# [How to complete this task]
All lines in the material containing the word "with" need to be copied.

# [Entries shown]
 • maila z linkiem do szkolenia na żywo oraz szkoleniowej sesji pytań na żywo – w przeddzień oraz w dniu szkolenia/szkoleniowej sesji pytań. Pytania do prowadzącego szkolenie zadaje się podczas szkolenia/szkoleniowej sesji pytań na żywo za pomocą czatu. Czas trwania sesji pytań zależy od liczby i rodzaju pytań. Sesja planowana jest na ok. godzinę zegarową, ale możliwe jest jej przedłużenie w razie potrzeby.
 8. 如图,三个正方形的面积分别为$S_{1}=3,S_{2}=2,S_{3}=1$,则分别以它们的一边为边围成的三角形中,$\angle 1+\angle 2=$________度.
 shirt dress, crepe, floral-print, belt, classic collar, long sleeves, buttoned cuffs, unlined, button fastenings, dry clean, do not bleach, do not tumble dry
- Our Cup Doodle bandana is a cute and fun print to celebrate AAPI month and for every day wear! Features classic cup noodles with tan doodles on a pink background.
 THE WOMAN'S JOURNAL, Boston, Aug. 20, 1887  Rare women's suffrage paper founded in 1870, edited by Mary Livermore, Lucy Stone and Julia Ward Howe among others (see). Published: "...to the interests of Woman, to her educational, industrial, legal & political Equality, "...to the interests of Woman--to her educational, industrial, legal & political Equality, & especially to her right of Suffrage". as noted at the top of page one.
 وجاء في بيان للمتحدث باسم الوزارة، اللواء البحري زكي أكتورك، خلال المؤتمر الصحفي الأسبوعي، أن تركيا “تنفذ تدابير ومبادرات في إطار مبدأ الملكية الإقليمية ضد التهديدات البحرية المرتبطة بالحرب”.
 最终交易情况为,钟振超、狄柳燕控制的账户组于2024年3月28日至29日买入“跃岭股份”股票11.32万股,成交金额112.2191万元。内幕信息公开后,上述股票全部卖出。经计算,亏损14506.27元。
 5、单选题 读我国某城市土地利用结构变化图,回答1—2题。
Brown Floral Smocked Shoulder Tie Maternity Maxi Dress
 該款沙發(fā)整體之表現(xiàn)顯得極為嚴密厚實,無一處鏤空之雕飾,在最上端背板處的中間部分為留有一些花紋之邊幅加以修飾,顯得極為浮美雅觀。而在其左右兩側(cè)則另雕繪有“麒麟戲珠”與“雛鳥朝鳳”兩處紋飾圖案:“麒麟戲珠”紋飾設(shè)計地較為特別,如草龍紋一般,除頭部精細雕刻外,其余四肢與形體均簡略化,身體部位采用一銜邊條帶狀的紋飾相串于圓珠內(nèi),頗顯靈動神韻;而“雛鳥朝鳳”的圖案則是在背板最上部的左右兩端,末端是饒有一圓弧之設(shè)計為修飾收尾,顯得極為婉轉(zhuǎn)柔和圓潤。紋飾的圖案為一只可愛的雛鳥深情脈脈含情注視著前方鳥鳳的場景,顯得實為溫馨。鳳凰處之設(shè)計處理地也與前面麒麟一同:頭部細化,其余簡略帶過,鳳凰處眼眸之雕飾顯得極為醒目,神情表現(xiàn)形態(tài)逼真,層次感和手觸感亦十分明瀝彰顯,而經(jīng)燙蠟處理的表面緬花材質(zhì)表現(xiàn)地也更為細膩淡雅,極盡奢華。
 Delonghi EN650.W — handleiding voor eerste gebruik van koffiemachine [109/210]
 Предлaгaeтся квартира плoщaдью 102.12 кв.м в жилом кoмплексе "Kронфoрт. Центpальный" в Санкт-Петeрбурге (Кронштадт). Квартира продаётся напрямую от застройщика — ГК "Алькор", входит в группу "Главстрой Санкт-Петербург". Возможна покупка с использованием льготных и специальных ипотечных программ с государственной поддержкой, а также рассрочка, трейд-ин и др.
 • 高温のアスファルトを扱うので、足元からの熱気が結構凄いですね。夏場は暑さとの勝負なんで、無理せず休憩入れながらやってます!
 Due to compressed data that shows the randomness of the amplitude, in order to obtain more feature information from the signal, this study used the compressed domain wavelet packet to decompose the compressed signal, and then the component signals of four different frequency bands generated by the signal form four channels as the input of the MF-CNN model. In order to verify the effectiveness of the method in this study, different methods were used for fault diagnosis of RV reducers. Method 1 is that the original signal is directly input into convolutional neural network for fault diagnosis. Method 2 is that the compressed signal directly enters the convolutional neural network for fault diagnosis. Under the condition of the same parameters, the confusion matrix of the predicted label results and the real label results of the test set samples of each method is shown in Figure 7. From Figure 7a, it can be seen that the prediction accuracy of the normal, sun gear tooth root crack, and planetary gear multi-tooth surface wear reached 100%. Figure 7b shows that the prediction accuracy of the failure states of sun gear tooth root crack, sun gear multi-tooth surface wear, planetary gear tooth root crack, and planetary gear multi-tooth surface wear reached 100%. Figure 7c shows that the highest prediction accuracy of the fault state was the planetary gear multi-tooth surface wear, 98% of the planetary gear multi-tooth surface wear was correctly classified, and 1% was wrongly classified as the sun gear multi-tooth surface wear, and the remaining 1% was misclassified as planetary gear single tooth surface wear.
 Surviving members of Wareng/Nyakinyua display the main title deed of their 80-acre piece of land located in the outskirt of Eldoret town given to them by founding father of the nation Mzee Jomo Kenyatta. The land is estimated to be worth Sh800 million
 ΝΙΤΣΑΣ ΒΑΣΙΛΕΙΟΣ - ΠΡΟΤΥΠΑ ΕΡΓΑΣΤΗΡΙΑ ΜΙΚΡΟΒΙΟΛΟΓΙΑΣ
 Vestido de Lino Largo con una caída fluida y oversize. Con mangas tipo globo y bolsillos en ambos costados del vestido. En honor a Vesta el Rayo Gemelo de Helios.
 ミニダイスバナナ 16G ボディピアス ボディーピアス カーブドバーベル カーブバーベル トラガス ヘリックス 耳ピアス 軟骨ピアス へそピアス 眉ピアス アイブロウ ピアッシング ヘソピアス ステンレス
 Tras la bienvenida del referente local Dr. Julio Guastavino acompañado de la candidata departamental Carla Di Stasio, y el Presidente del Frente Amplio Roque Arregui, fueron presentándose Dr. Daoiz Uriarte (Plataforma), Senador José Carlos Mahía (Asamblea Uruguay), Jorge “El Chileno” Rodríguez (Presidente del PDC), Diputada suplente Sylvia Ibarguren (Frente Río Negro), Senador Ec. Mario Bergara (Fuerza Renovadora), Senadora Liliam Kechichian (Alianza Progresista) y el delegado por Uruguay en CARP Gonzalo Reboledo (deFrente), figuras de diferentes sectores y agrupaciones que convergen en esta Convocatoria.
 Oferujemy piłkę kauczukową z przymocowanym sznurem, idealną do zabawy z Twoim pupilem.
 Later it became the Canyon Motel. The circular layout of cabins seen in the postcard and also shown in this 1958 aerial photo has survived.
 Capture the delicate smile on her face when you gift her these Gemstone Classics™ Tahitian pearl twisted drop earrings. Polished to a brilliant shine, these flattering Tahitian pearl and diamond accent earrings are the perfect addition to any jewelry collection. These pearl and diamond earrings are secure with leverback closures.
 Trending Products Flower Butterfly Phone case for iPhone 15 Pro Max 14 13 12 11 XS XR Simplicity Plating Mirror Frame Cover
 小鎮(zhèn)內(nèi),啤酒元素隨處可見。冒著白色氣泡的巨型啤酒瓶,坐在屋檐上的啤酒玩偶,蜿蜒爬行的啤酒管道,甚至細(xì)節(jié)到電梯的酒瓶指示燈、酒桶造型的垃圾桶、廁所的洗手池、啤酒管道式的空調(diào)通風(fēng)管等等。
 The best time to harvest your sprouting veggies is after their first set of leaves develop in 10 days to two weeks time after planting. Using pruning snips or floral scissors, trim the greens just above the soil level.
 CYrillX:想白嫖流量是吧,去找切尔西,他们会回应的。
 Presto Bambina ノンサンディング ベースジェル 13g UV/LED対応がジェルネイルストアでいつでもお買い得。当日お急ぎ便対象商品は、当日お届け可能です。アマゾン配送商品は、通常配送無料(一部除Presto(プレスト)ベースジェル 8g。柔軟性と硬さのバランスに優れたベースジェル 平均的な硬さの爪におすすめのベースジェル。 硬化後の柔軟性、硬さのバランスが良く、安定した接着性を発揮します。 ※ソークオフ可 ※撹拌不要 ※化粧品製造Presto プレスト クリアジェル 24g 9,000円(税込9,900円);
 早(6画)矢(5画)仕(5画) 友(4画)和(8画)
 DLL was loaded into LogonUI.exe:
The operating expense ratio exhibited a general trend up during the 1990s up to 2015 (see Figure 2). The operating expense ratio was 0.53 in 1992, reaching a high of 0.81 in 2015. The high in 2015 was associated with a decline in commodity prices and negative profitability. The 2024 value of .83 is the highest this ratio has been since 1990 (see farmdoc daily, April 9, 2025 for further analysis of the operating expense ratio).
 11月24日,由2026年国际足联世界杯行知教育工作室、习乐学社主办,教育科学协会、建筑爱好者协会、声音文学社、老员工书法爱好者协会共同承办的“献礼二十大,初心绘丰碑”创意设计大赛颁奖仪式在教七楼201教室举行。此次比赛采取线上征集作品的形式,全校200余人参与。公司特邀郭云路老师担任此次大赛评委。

# [Task answer]
- Our Cup Doodle bandana is a cute and fun print to celebrate AAPI month and for every day wear! Features classic cup noodles with tan doodles on a pink background.
 Capture the delicate smile on her face when you gift her these Gemstone Classics™ Tahitian pearl twisted drop earrings. Polished to a brilliant shine, these flattering Tahitian pearl and diamond accent earrings are the perfect addition to any jewelry collection. These pearl and diamond earrings are secure with leverback closures.
The operating expense ratio exhibited a general trend up during the 1990s up to 2015 (see Figure 2). The operating expense ratio was 0.53 in 1992, reaching a high of 0.81 in 2015. The high in 2015 was associated with a decline in commodity prices and negative profitability. The 2024 value of .83 is the highest this ratio has been since 1990 (see farmdoc daily, April 9, 2025 for further analysis of the operating expense ratio).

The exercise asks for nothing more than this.